A basic one-factor model takes the form:

\begin{equation} {\bf{Y}}_t = {\bf{\mu }}_t + {\bf{\beta }}f_t + {\bf{u}}_t \end{equation}

where ${\bf{Y}}_t $ are the observables, ${\bf{\mu }}_t $ are the means, $f_t$ is the (scalar) factor series, ${\bf{\beta }}$ are the loadings and ${\bf{u}}_t $ is the error process.

$f$ is assumed to be a univariate AR process. There's a identification issue between the scales of $f$ and ${\bf{\beta }}$. In the combined model, they resolve this by making the loading onto GDP be pegged at 1. In the model with monthly data only, it's resolved by pegging the variance of the shock to $f$ at 1. (In models of this type, the latter method is simpler to implement.)

There is a more complicated identification issue because there are $N+1$ relatively unstructured time series processes ($f$ and the $N$ components of ${\bf{u}}$) which combine to produce $N$ observables. While, theoretically, if the orders of the various processes were known, that would be enough; in practice, they aren't known, and, in fact, one of the steps in their modeling procedure is to choose lag lengths. To avoid any issues, the ${\bf{u}}_t $ is assumed to be composed of independent AR processes, independent of each other and of $f$. The independence from $f$ is routine since $f$ is, in effect, the "model". The assumption that the ${\bf{u}}$ are univariate AR's with independent shocks is more than is needed—a full VAR with independent shocks will identify the model just as well, as the requirement that the shocks be independent forces the correlations into the factor term. In addition to the replication programs that do the univariate AR processes (as in the paper), we also include similar programs that allow for more general errors.

Analysis of Monthly Data

There are four programs for the monthly only data:

monthlyuv_ic

Runs the a joint search over number of lags of the factor process and of the error process using the univariate AR error processes.

monthlyvar_ic

Runs the a joint search over number of lags of the factor process and of the error process using a full VAR error process.

monthlyuv

Estimates the chosen model with univariate AR error processes.

monthlyvar

Estimates the chosen model using a full VAR error process.

The programs are written so the differences between the two model types are minor.

If $p$ is the number of lags in the error process, and $q$ is the number in the factor process, the state matrix can be written:

\begin{equation} {\bf{X}}_t = \left[ {\begin{array}{*{20}c} {{\bf{u}}_t } \\ \vdots \\ {{\bf{u}}_{t - p + 1} } \\ {f_t } \\ \vdots \\ {f_{t - q + 1} } \\ \end{array}} \right] \end{equation}

Note that there will always be at least one copy of ${\bf{u}}$ and one of $f$ even if $p$ or $q$ is zero.
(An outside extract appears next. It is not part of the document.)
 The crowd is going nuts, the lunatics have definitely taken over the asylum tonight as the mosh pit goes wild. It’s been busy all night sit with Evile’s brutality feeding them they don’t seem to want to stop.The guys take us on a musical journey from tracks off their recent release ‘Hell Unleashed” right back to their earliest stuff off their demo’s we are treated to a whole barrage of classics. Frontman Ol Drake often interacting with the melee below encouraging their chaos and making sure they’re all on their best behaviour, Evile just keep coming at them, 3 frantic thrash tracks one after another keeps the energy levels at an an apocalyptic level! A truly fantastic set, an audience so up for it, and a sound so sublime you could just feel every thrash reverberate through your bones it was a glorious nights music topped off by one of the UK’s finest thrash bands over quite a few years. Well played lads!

The system matrices are formed by concatenating the separate system components for ${\bf{u}}$ and $f$. The system components for ${\bf{u}}$ are most easily handled by using the @VARDLM procedure (with a minor tweak to differentiate between the univariate AR and the full VAR processes) while those for $f$ can be done using @ARDLM.
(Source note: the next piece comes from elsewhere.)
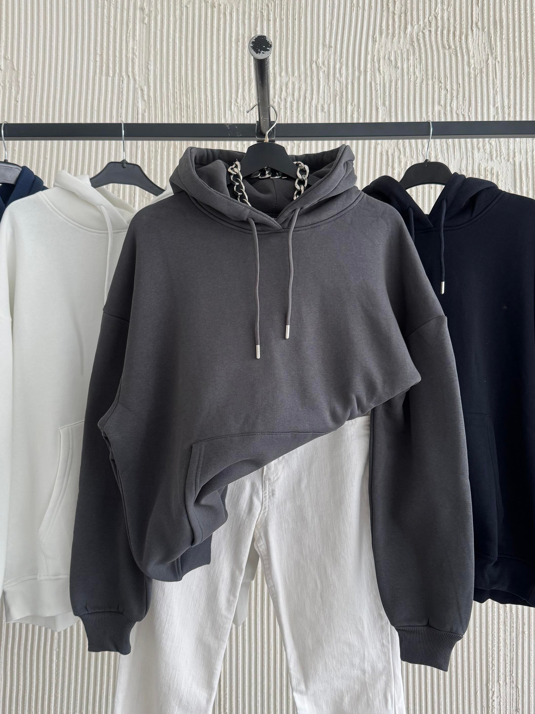 Günlük stilin vazgeçilmez parçası olan Antrasit oversize sweatshirt, sade ve şık tasarımıyla dikkat çekiyor. Kalın kumaşı sayesinde hem sıcak tutar hem de konfor sunar. Kanguru cebi, ribana manşetler ve ayarlanabilir kapüşon detayıyla hem işlevsel hem de modern.

The common code (after reading the data) starts with:

compute n=4

dec frml[vect] yfrml

frml yfrml = ||emp,inc,iip,sales||

which defines the number of observables and creates a FRML[VECT] which will produce the observables for the later DLM instruction.

This will be the VECTOR of loadings from the factors to the variables:

dec vect beta(n)

This is the number of AR lags in the factor, a VECTOR which will make the AR coefficients (which will be dimensioned later) and the variable for the variance for the shock to the factor:

dec integer p

dec vect fphi

dec real fsigsq

This is the number of AR/VAR lags in the error process, a VECT[RECT] which will make up the VAR lag coefficients, a VECT[VECT] which will make up the AR coefficients (if those are used) and the VECTOR of error shock variances. The UPHI(L) will be the $N \times N$ matrix of VAR coefficients for lag L, while UPHIAR(L) will be the $N$ vector of AR coefficients for lag L. Those will be dimensioned later once Q is set.

dec integer q

dec vect[rect] uphi

dec vect[vect] uphiar

dec vect usigsq(n)

These are advance declarations for the system matrices for the error process, and for the factor process:

dec rect au fu cu

dec rect af ff cf

This defines the set of PARMSET's for the model with univariate AR noise processes. For the full VAR, use UPHI rather than UPHIAR in the NOISEPARMS list. Note that this pegs FSIGSQ to 1.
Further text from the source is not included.